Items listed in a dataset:
++++++

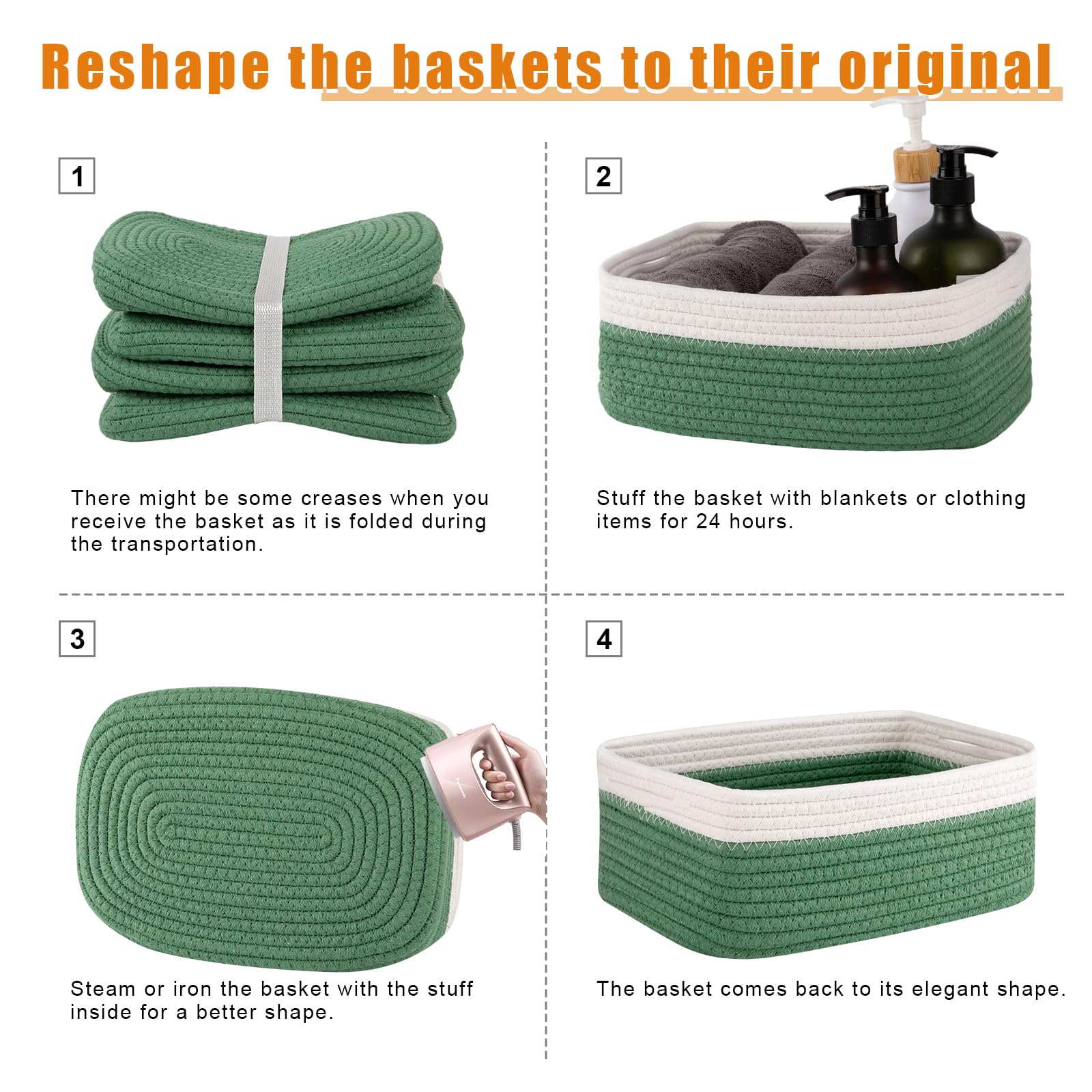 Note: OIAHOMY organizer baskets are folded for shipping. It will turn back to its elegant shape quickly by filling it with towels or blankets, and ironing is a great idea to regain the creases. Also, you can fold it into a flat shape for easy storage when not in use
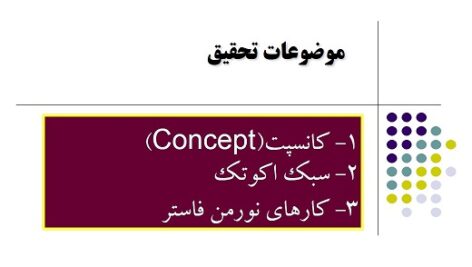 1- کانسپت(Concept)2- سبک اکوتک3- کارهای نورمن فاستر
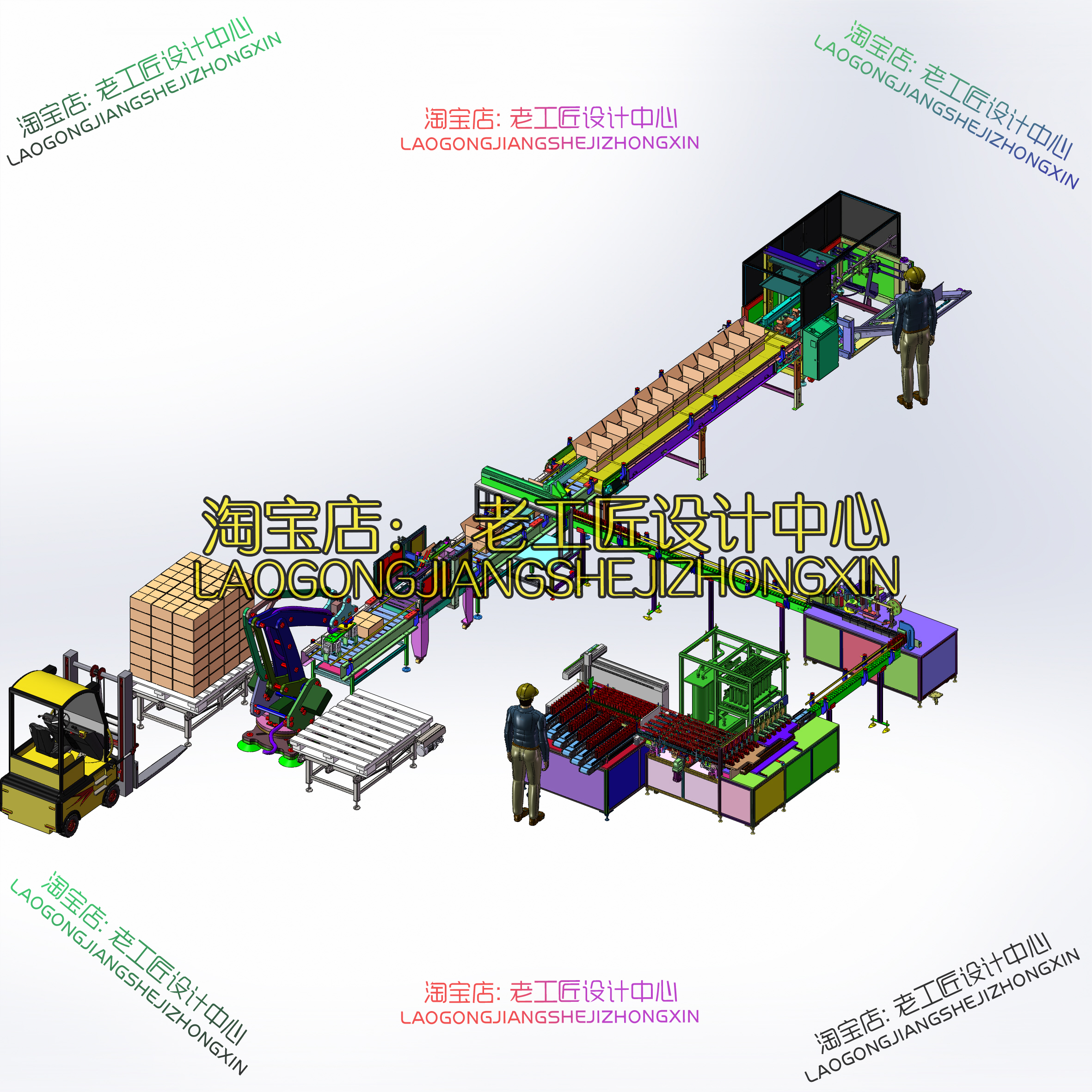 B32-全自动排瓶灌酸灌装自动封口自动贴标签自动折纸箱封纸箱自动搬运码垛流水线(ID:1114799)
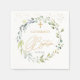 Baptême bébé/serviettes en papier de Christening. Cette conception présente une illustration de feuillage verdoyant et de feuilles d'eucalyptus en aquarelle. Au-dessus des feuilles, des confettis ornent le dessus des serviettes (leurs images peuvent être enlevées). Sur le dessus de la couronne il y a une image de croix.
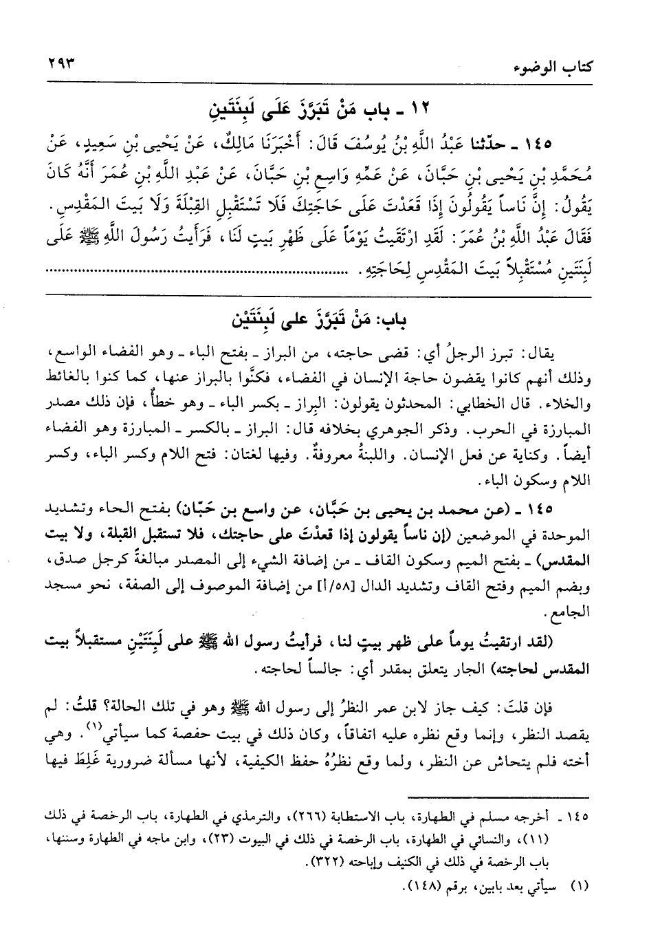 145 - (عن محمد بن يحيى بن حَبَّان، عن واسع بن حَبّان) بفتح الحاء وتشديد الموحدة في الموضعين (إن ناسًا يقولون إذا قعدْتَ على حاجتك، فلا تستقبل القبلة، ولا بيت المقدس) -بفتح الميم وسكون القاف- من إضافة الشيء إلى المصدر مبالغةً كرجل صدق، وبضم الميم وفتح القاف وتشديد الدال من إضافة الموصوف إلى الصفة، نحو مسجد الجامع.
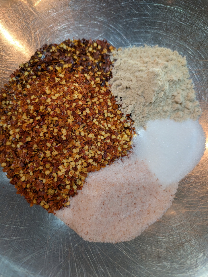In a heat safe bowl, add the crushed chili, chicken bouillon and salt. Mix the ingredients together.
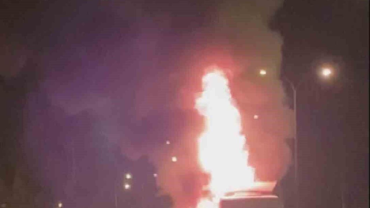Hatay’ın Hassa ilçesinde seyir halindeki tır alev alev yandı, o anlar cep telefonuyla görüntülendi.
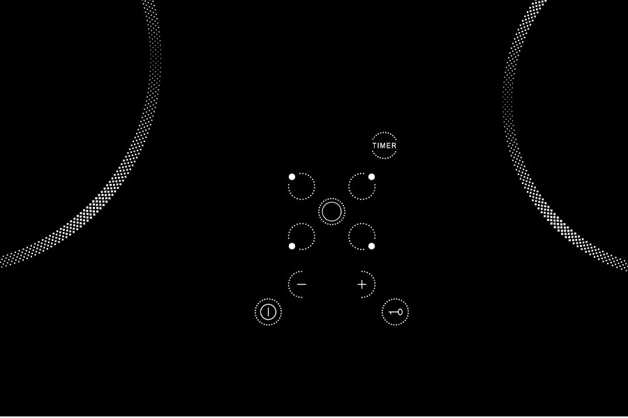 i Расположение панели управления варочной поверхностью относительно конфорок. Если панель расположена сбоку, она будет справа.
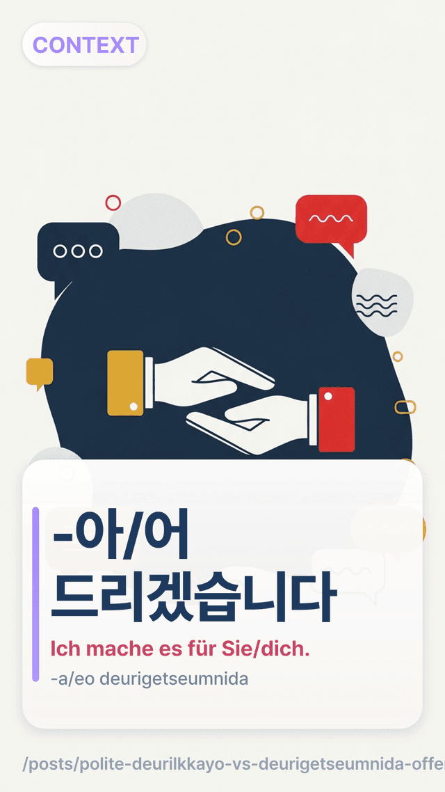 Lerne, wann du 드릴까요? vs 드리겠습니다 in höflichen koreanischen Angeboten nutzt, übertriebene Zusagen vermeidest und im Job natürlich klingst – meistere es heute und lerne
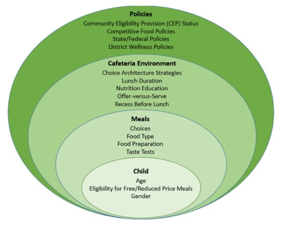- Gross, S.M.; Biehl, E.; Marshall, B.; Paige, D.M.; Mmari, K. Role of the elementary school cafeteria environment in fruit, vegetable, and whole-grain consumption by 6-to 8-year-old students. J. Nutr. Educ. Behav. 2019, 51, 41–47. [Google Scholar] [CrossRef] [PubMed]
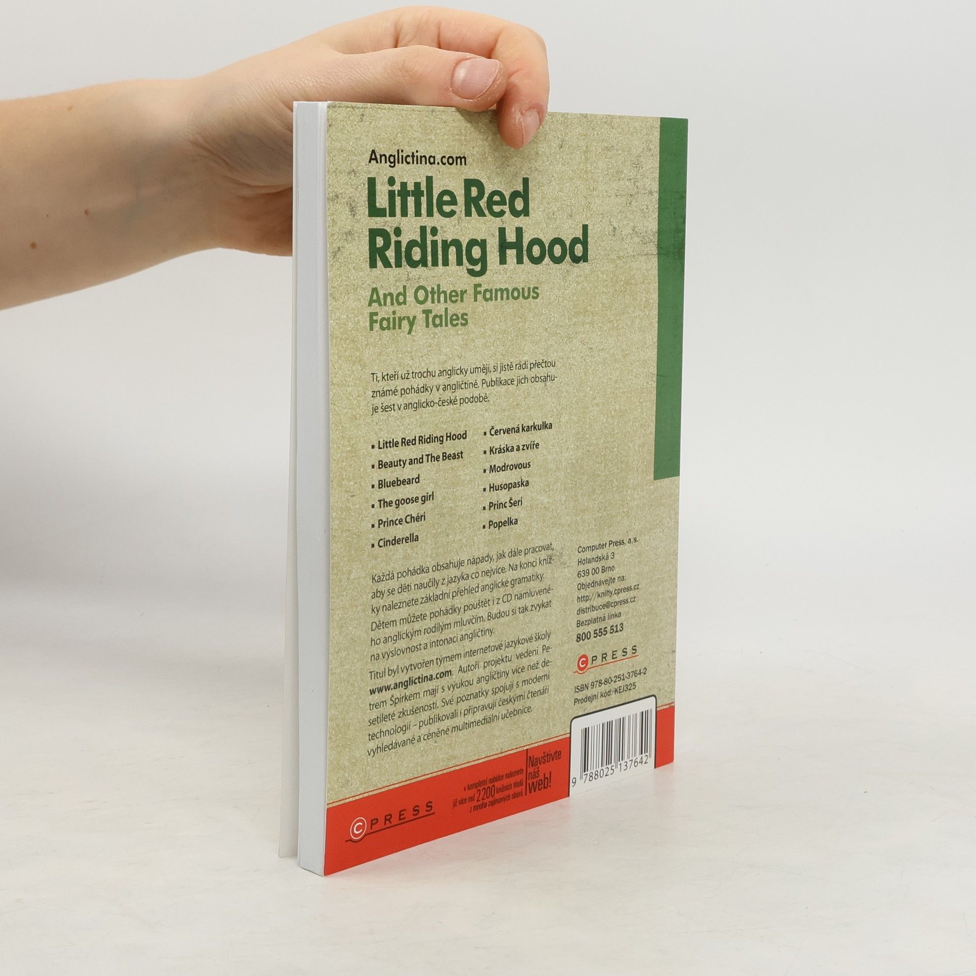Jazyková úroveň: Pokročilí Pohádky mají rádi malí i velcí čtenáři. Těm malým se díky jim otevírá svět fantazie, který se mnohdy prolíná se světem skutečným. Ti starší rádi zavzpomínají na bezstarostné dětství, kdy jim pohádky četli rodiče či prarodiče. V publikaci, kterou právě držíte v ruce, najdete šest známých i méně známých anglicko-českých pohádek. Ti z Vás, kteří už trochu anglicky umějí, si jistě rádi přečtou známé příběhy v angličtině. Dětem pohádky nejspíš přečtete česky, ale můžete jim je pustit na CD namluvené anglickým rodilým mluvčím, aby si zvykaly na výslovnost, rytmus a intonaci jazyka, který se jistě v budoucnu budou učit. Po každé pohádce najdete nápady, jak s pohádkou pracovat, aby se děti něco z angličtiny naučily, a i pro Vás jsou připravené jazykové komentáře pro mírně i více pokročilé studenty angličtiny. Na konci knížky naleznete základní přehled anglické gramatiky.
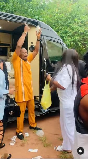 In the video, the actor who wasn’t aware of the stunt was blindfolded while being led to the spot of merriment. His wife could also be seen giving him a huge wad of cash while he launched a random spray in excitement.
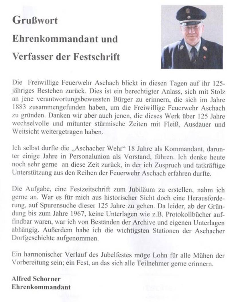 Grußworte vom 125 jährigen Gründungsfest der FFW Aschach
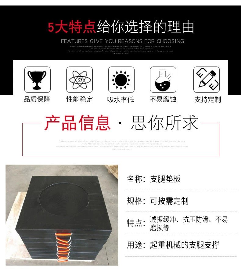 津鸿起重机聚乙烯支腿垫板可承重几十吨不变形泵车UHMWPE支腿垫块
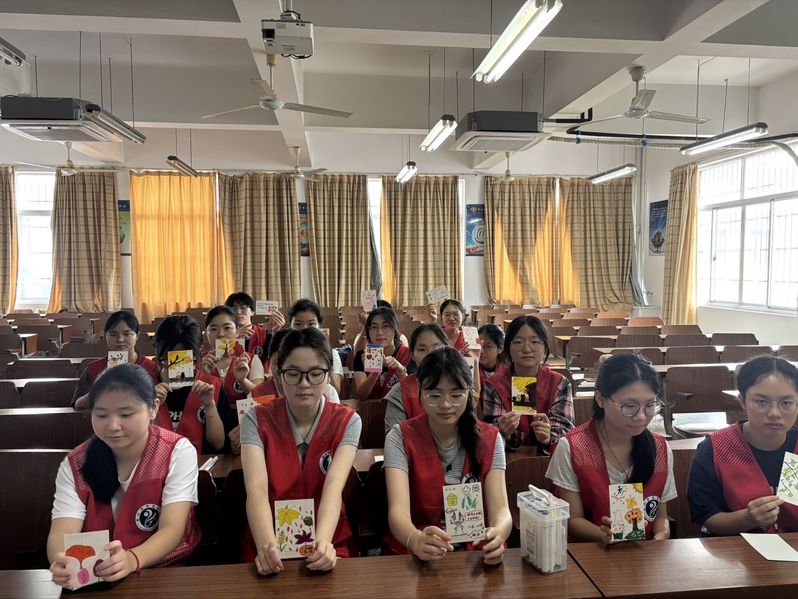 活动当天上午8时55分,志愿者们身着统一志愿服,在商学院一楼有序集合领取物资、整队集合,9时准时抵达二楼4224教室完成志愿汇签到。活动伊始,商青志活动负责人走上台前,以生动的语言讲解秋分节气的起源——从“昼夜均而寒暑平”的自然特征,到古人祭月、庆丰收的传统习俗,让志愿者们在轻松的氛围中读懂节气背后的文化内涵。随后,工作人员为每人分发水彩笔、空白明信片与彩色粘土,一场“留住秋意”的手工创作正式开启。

++++++

WORK REQUIRED >> Would you retype all the lines shown above, exactly as written and without any picture?

SOLUTION TO THIS EXERCISE >>
 Note: OIAHOMY organizer baskets are folded for shipping. It will turn back to its elegant shape quickly by filling it with towels or blankets, and ironing is a great idea to regain the creases. Also, you can fold it into a flat shape for easy storage when not in use
 1- کانسپت(Concept)2- سبک اکوتک3- کارهای نورمن فاستر
 B32-全自动排瓶灌酸灌装自动封口自动贴标签自动折纸箱封纸箱自动搬运码垛流水线(ID:1114799)
 Baptême bébé/serviettes en papier de Christening. Cette conception présente une illustration de feuillage verdoyant et de feuilles d'eucalyptus en aquarelle. Au-dessus des feuilles, des confettis ornent le dessus des serviettes (leurs images peuvent être enlevées). Sur le dessus de la couronne il y a une image de croix.
 145 - (عن محمد بن يحيى بن حَبَّان، عن واسع بن حَبّان) بفتح الحاء وتشديد الموحدة في الموضعين (إن ناسًا يقولون إذا قعدْتَ على حاجتك، فلا تستقبل القبلة، ولا بيت المقدس) -بفتح الميم وسكون القاف- من إضافة الشيء إلى المصدر مبالغةً كرجل صدق، وبضم الميم وفتح القاف وتشديد الدال من إضافة الموصوف إلى الصفة، نحو مسجد الجامع.
In a heat safe bowl, add the crushed chili, chicken bouillon and salt. Mix the ingredients together.
Hatay’ın Hassa ilçesinde seyir halindeki tır alev alev yandı, o anlar cep telefonuyla görüntülendi.
 i Расположение панели управления варочной поверхностью относительно конфорок. Если панель расположена сбоку, она будет справа.
 Lerne, wann du 드릴까요? vs 드리겠습니다 in höflichen koreanischen Angeboten nutzt, übertriebene Zusagen vermeidest und im Job natürlich klingst – meistere es heute und lerne
- Gross, S.M.; Biehl, E.; Marshall, B.; Paige, D.M.; Mmari, K. Role of the elementary school cafeteria environment in fruit, vegetable, and whole-grain consumption by 6-to 8-year-old students. J. Nutr. Educ. Behav. 2019, 51, 41–47. [Google Scholar] [CrossRef] [PubMed]
Jazyková úroveň: Pokročilí Pohádky mají rádi malí i velcí čtenáři. Těm malým se díky jim otevírá svět fantazie, který se mnohdy prolíná se světem skutečným. Ti starší rádi zavzpomínají na bezstarostné dětství, kdy jim pohádky četli rodiče či prarodiče. V publikaci, kterou právě držíte v ruce, najdete šest známých i méně známých anglicko-českých pohádek. Ti z Vás, kteří už trochu anglicky umějí, si jistě rádi přečtou známé příběhy v angličtině. Dětem pohádky nejspíš přečtete česky, ale můžete jim je pustit na CD namluvené anglickým rodilým mluvčím, aby si zvykaly na výslovnost, rytmus a intonaci jazyka, který se jistě v budoucnu budou učit. Po každé pohádce najdete nápady, jak s pohádkou pracovat, aby se děti něco z angličtiny naučily, a i pro Vás jsou připravené jazykové komentáře pro mírně i více pokročilé studenty angličtiny. Na konci knížky naleznete základní přehled anglické gramatiky.
 In the video, the actor who wasn’t aware of the stunt was blindfolded while being led to the spot of merriment. His wife could also be seen giving him a huge wad of cash while he launched a random spray in excitement.
 Grußworte vom 125 jährigen Gründungsfest der FFW Aschach
 津鸿起重机聚乙烯支腿垫板可承重几十吨不变形泵车UHMWPE支腿垫块
 活动当天上午8时55分,志愿者们身着统一志愿服,在商学院一楼有序集合领取物资、整队集合,9时准时抵达二楼4224教室完成志愿汇签到。活动伊始,商青志活动负责人走上台前,以生动的语言讲解秋分节气的起源——从“昼夜均而寒暑平”的自然特征,到古人祭月、庆丰收的传统习俗,让志愿者们在轻松的氛围中读懂节气背后的文化内涵。随后,工作人员为每人分发水彩笔、空白明信片与彩色粘土,一场“留住秋意”的手工创作正式开启。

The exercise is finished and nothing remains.